WHAT IS EXPECTED:
Using the listing below, please print exactly the lines from the one with "Газовая варочная панель" through the one with "Gebreide damespullover van". Leave out every picture.

————

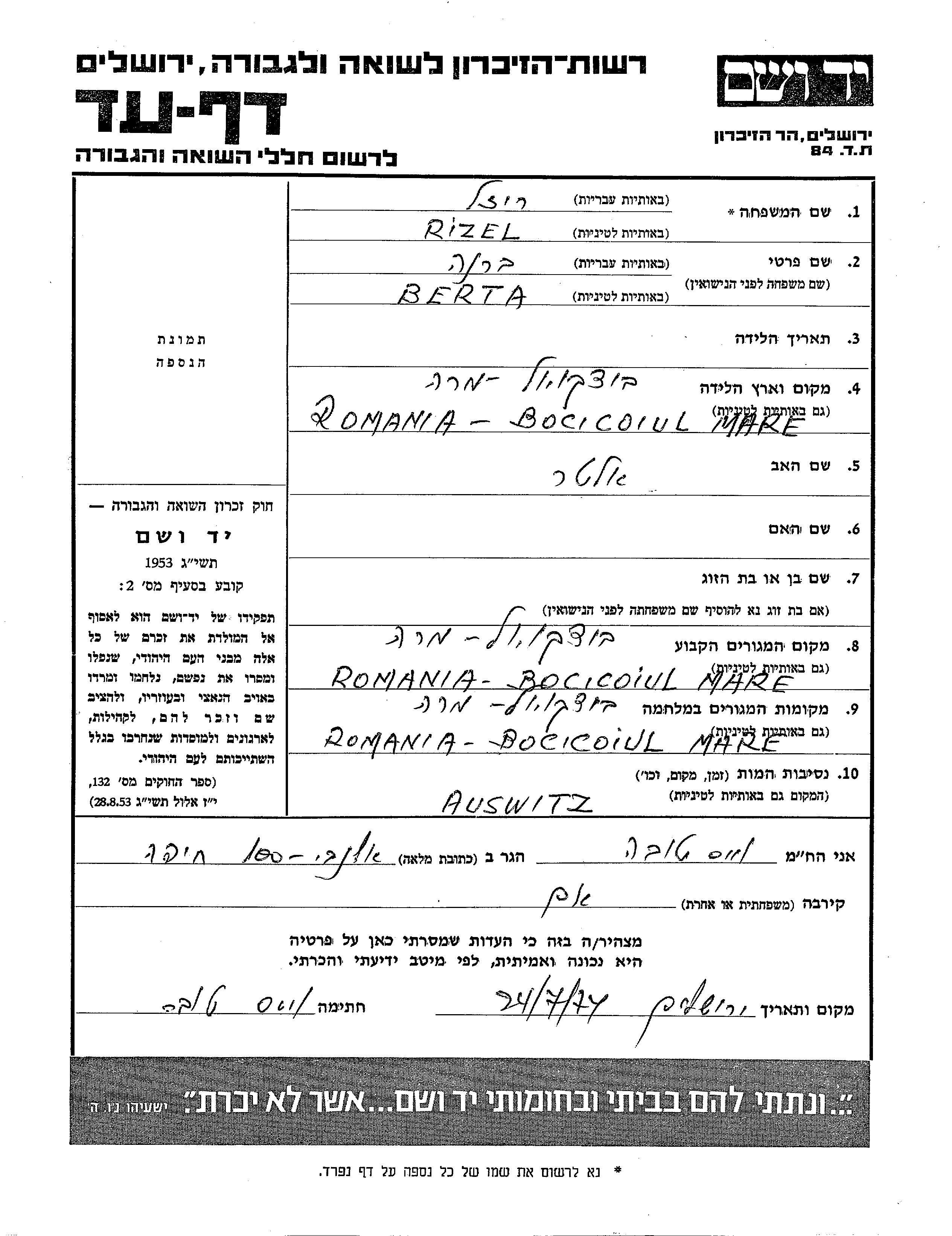 עיר/כפר, גטו/מחנה או אתר רצח או מחוז/אזור או מדינה. שם מקום ניתן לחפש רק בא-ב לטיני.
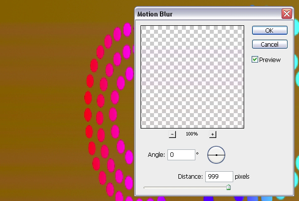 Go to Filter -> Blur -> Motion Blur, and set the values as shown below:
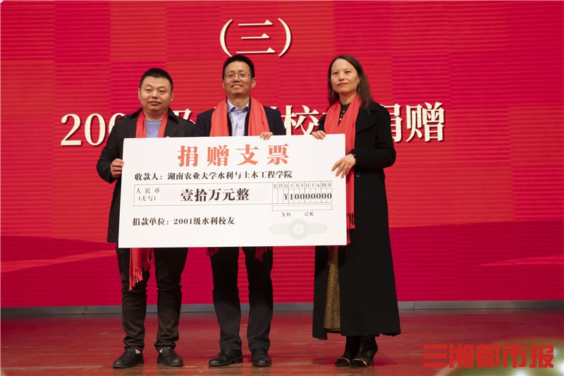 三湘都市报12月1日讯(通讯员 翟光辉 记者 杨斯涵 黄京) 11月29日,湖南农业大学校友总会水利与土木工程学院校友会分会成立大会捐赠仪式上,1999级水利校友为20年来每年都坚持长途跋涉在三峡工程、向家坝工程、白鹤滩工程等超级工程一线指导实习的该校水利工程专业创始人裴毅教授、工程管理和农业水土工程学科开拓者姚帮松教授颁发了学院首届教师教书育人成就奖,2002级水利校友为3位学生颁发了校友奖学金,2001级水利校友捐赠10万元人民币,新添一曲曲农大校友重教务学的旋律。
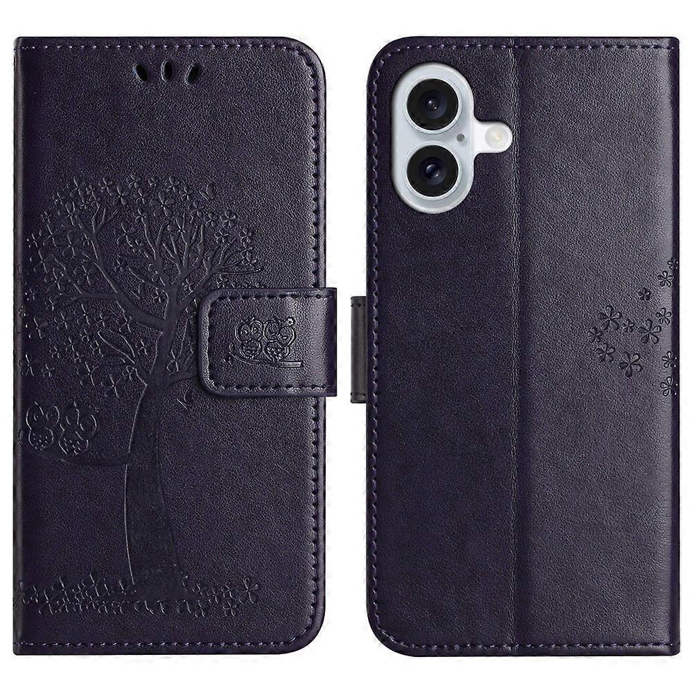 Compatible For iPhone 17 Case PU Leather Owl Tree Imprinted Wallet Phone Cover with Strap
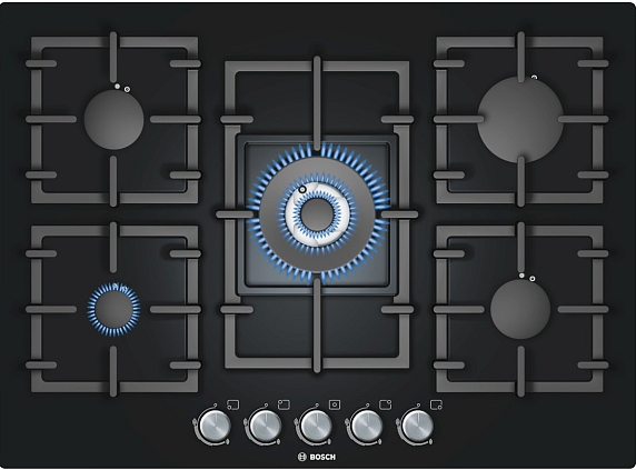 Газовая варочная панель Bosch PPQ 716B91E на 5 конфорки, шириной 71 см, черный
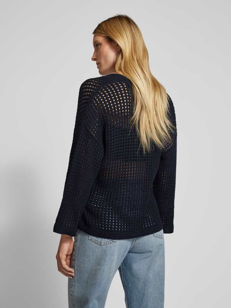 Gebreide damespullover van Smith and Soul;Los model;Gaatjesmotief;Afgeronde V-hals;Verbrede schouders;Ruglengte bij maat S: 43 cm;Mouwlengte bij maat S: 42 cm
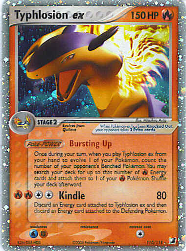 Type | Fire | Pokemon serie | Unseen Forces | Stadie | Stage 2 | HP | 150 | Sjældenhed | Ultra-Rare | Tilbagetrækning | 1 | Svaghed | WF | Kortnummer | 110 | Evne | [CCRR] Kindle (80) Discard an Energy card attach to Typhlosion EX and then discard an Energy card attached to the Defending Pokemon. | Evne2 | [CCRR] Kindle (80) Discard an Energy card attach to Typhlosion EX and then discard an Energy card attached to the Defending Pokemon. | Kunstner | Mitsuhiro Arita |
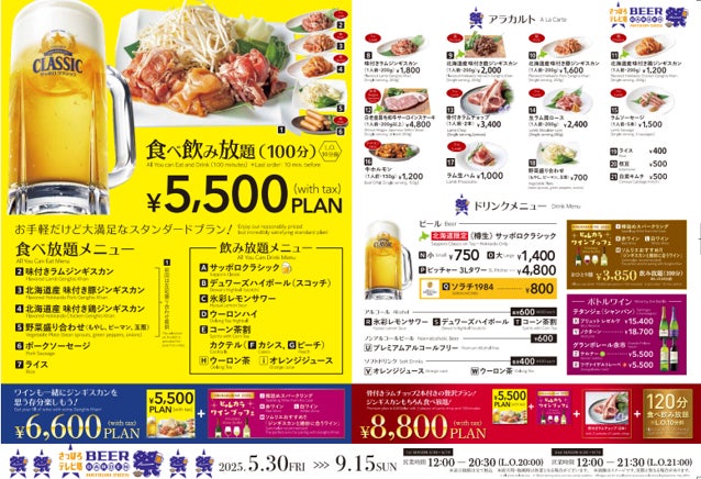 今年も、定番の味付きジンギスカンはもちろん、北海道産の豚・鶏ジンギスカンや、味付き鹿ジンギスカンに加え、今年の新メニューとして「骨付きラムチョップ」「生ラム肩ロース」などを取り揃え、何度来ても飽きずにご満足いただけるラインナップをご用意いたしました。また、サッポロクラシックをはじめとした、豊富なドリンクメニューもご用意しております。
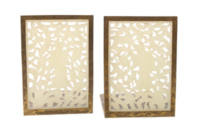 A Pair of Chinese Gilt Bronze Mounted Pierce Carved Jade Bookends
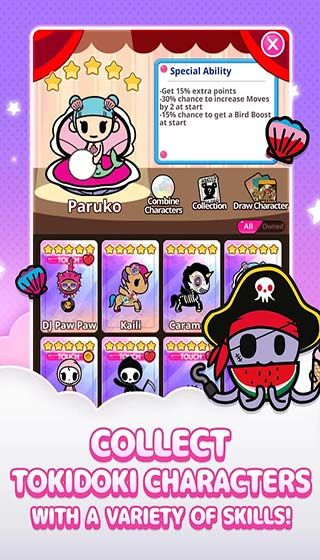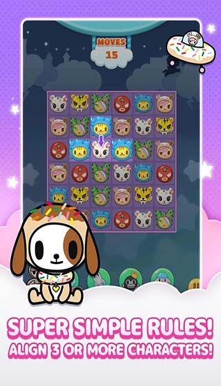 Tokidoki friends : Match 3 Puzzle is a casual puzzle game of elimination type with beautiful graphics, in tokidoki friends players need to eliminate the same animals in different levels to get higher scores.
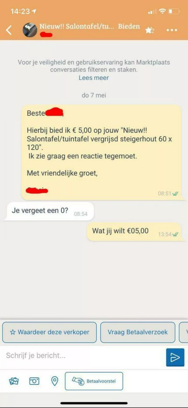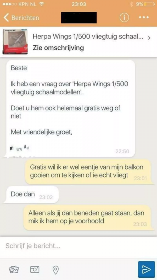 Sommige van deze Marktplaats-gebruikers hebben blijkbaar nooit gehoord van het concept ‘onderhandelen’. Ze maken rare eisen of komen met excuses die je niet kunt geloven. Anderen reageren weer op een manier die zo belachelijk is dat je je afvraagt of ze dit echt menen. Wat het ook is, ze zorgen voor gesprekken die vaak het juiste pad niet vinden.
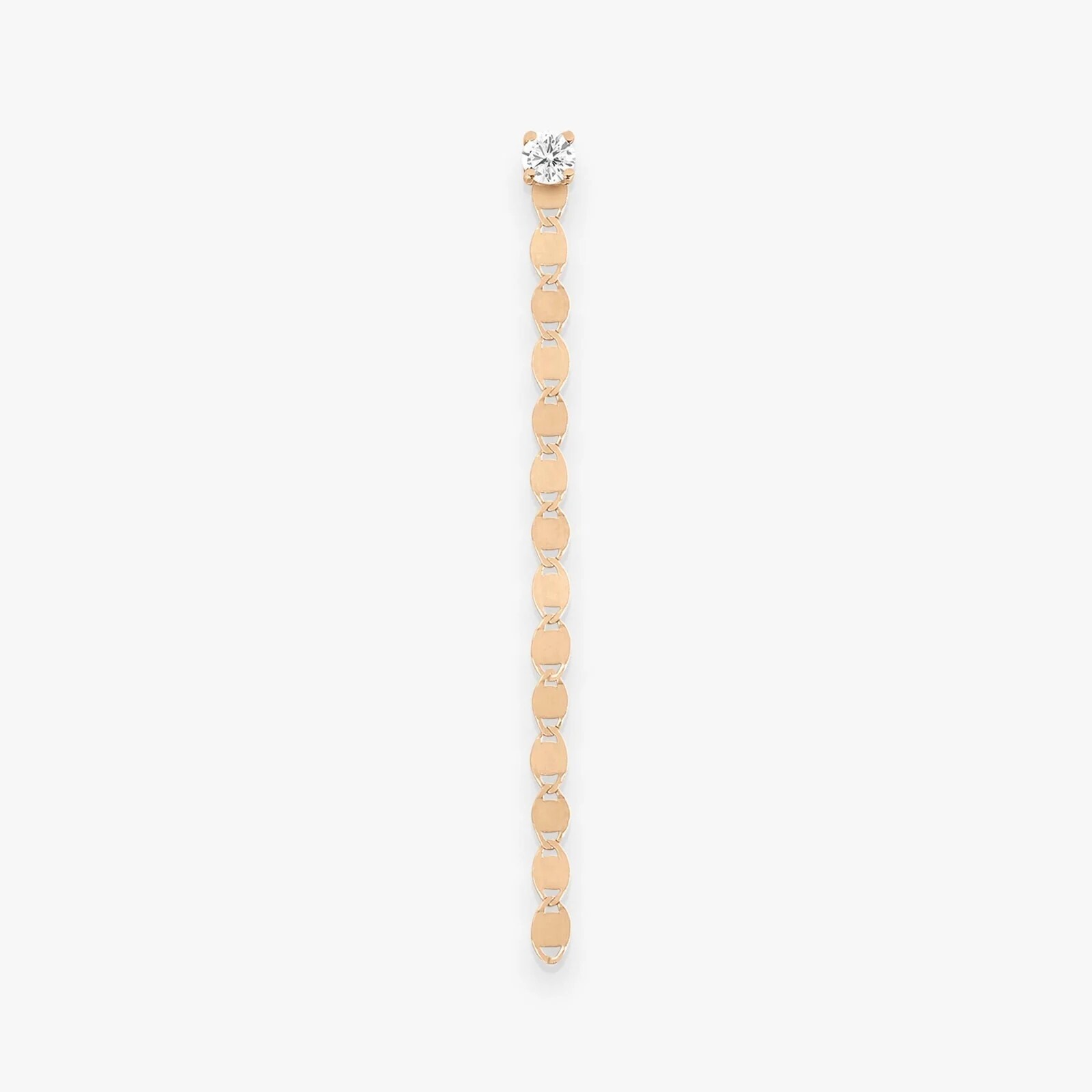 La boucle d’oreille Skin Tattoo, en maille de pastilles d’or qui miroitent à chaque mouvement de tête, se couronne au sommet d’un diamant de 0,11 ct, captant tous les regards et scintillant d’une intensité unique.
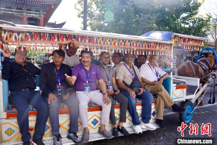 22日,巴基斯坦媒體人乘坐街區(qū)特色的電驅(qū)動馬車,參觀游覽民族風情街。陳欣怡 攝

————

WORKED SOLUTION:
 Газовая варочная панель Bosch PPQ 716B91E на 5 конфорки, шириной 71 см, черный
 Gebreide damespullover van Smith and Soul;Los model;Gaatjesmotief;Afgeronde V-hals;Verbrede schouders;Ruglengte bij maat S: 43 cm;Mouwlengte bij maat S: 42 cm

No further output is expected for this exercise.